# My Halloween Project



## TakiGiggles (Oct 26, 2008)

SO last year i came up with a costume in 3 days using stuff i had in the closet. a white dress, a coat hanger, an old pair of socks and a bag of cotton balls became the feeble attempt at bunny ears. This year i don't want to have the half assed last minute costume. My boyfriend and i hosted the halloween party last year for our friends and are so far planning to do it this year as well. And i have decided what costume i would like to do. It's a cosplay costume which will fit in well with out group of friends anyway. not to say that we are nerds.... but most of us are nerds. gamers being the proper term. I'm going to do Ashlotte from soul calibur. I'm not too keen on the sewing and not too sure about the execution of some of the parts so if anyone can help that would be great. I included a few links to concept art of the character. 

Any ideas would be great.


http://images4.wikia.nocookie.net/soulcalibur/images/5/5e/Sc4-ashlotte.jpg
http://image.com.com/gamespot/images/2008/143/940047_20080523_screen002.jpg
http://image.com.com/gamespot/images/2008/143/940047_20080523_screen001.jpg


----------



## Rikki (Aug 14, 2006)

Are you wanting to make it or would you prefer to buy it? Check out the TONS of cosplay costume sites online. I found all kinds of crazy gamer costumes last year.


----------



## TakiGiggles (Oct 26, 2008)

its more of a personal goal. and it going to be a gradual project. i would rather not buy a costume because its not custom fitted and usually dont fit well anyway. a wig is prolly going to be the only part i buy pre-formed


----------



## Rikki (Aug 14, 2006)

Well actually, most of the cosplay costuming sites will size to fit you just right. But I completely understand wanting to make it yourself. Seeing as how I don't know anything about Soul Caliber though, I'm afraid I can't be of any help. Good luck with your costume!


----------



## TakiGiggles (Oct 26, 2008)

the help would more be about execution. bodices, boning, basic costuming


----------



## DeathDealer (Jun 18, 2004)

For the hoopskirt, I would recommend aluminum tubing for weight savings, but copper tubing may be more practical since it comes in longer lengths. Just use a spring bender to prevent kinking it. You can then paint it.

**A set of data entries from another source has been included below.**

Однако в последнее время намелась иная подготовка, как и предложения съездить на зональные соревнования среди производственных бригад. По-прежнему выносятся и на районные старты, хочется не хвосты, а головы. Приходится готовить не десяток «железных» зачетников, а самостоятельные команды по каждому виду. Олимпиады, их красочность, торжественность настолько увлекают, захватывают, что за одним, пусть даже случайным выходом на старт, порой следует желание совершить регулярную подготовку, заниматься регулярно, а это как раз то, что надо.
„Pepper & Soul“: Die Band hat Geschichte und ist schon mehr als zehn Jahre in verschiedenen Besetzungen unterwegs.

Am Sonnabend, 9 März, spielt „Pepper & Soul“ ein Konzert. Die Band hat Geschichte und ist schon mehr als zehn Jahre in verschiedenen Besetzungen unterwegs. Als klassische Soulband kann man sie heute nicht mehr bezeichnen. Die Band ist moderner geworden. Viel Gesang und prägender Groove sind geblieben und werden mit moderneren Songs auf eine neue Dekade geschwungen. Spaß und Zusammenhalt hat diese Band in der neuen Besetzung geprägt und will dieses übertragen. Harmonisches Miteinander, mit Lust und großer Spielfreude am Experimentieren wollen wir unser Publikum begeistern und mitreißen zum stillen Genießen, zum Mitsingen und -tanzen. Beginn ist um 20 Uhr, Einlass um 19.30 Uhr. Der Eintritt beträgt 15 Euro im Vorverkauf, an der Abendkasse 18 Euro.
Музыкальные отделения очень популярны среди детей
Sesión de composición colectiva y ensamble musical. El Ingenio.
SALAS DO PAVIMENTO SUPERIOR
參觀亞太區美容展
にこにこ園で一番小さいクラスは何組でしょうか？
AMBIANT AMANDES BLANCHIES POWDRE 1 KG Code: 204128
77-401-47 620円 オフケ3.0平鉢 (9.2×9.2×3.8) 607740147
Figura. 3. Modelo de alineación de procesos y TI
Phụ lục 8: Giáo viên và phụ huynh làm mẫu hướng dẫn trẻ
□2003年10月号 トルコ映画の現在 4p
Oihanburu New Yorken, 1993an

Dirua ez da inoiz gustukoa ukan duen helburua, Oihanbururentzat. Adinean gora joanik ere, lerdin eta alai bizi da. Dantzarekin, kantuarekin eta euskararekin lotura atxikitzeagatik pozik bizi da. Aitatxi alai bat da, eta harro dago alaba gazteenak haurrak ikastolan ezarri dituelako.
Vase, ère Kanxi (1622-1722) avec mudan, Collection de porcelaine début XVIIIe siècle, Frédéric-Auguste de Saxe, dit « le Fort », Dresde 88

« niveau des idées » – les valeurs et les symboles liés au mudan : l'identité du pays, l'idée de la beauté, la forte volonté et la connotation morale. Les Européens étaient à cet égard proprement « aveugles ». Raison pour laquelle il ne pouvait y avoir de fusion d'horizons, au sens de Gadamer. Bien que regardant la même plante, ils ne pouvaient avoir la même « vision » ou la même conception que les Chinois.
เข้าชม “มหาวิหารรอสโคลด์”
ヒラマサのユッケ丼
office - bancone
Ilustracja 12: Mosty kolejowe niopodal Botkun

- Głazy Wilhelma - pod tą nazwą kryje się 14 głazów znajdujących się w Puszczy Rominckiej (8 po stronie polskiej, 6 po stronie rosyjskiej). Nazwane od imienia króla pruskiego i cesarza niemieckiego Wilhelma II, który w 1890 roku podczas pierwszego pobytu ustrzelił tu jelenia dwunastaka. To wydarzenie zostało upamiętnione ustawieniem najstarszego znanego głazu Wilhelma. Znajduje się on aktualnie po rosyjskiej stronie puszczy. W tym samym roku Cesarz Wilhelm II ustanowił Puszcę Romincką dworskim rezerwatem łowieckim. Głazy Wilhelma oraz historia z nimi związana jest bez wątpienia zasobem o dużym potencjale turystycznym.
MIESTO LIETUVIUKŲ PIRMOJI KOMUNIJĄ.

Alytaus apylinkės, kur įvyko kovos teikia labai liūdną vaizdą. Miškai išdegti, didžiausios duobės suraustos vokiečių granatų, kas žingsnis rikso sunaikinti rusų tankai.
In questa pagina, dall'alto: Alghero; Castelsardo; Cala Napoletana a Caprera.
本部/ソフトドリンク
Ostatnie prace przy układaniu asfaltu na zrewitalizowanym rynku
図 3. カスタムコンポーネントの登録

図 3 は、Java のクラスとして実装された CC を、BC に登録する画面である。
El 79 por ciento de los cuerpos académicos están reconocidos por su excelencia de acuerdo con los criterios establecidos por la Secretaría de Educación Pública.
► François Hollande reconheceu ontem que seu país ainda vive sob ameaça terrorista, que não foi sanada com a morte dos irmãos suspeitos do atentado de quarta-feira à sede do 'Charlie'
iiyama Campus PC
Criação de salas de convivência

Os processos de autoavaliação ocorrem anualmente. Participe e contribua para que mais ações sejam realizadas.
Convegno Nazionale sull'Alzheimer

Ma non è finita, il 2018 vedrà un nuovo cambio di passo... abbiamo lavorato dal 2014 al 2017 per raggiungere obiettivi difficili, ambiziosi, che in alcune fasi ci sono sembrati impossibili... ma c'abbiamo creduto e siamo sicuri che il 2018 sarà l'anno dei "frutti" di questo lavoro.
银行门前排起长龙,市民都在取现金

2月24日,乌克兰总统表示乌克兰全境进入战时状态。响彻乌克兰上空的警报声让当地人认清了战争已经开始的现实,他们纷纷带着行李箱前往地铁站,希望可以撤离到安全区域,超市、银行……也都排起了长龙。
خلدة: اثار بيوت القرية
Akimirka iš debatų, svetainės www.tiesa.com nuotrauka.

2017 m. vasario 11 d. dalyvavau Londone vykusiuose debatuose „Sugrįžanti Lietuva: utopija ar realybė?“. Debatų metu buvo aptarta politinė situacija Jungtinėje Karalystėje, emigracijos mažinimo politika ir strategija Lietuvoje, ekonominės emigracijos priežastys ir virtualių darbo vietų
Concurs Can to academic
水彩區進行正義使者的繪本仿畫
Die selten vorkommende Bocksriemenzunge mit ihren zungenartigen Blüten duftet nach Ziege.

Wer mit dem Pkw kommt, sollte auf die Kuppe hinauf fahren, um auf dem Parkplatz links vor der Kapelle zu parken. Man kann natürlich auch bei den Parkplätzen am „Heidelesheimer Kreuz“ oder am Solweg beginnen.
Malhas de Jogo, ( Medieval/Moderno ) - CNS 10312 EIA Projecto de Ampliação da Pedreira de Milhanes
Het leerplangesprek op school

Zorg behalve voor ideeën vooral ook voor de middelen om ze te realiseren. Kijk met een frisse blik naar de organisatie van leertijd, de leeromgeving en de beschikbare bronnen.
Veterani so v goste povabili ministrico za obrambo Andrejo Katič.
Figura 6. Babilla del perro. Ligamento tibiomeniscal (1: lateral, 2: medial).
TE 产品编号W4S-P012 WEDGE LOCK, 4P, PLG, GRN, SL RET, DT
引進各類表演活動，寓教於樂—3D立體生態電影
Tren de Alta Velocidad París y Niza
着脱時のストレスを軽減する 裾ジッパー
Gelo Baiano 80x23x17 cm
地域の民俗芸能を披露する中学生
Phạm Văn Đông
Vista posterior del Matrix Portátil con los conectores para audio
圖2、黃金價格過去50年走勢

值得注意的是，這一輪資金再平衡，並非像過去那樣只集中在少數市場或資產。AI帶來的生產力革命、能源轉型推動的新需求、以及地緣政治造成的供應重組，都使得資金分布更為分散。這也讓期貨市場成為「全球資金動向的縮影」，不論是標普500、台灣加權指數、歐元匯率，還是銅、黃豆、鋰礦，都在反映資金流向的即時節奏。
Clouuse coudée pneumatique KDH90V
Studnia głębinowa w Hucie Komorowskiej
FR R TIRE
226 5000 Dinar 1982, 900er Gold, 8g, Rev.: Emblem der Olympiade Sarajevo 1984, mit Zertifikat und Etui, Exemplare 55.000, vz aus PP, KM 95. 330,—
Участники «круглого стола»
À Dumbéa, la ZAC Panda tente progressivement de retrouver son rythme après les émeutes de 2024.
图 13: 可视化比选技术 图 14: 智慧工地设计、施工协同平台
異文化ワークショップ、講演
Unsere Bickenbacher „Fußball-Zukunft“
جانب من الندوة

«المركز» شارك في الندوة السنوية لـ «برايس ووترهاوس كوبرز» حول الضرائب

For attaching the hoopskirt to the skirt, look at using a handle loop from Ohio travel bag/hardware elf. Just make certain they are large enough to accept the pipe, or select pipe to fit the loops you choose.
They also have a variety of catches that can be used for attaching the hoopskirt to the bodice.

Parts catalog; handles, locks, wheels, zippers, buckles, rings, tools, fasteners and other hardware.
HardwareElf.Com hard to find hardware for crafters and do it yourselfers

The points at the end look like finials. If you cannot find anything locally, look through the King architectural metals catalog. They probably have it. You can then bond them to the vertical components of the hoopskirt with J-B Weld or a set screw from the back or both.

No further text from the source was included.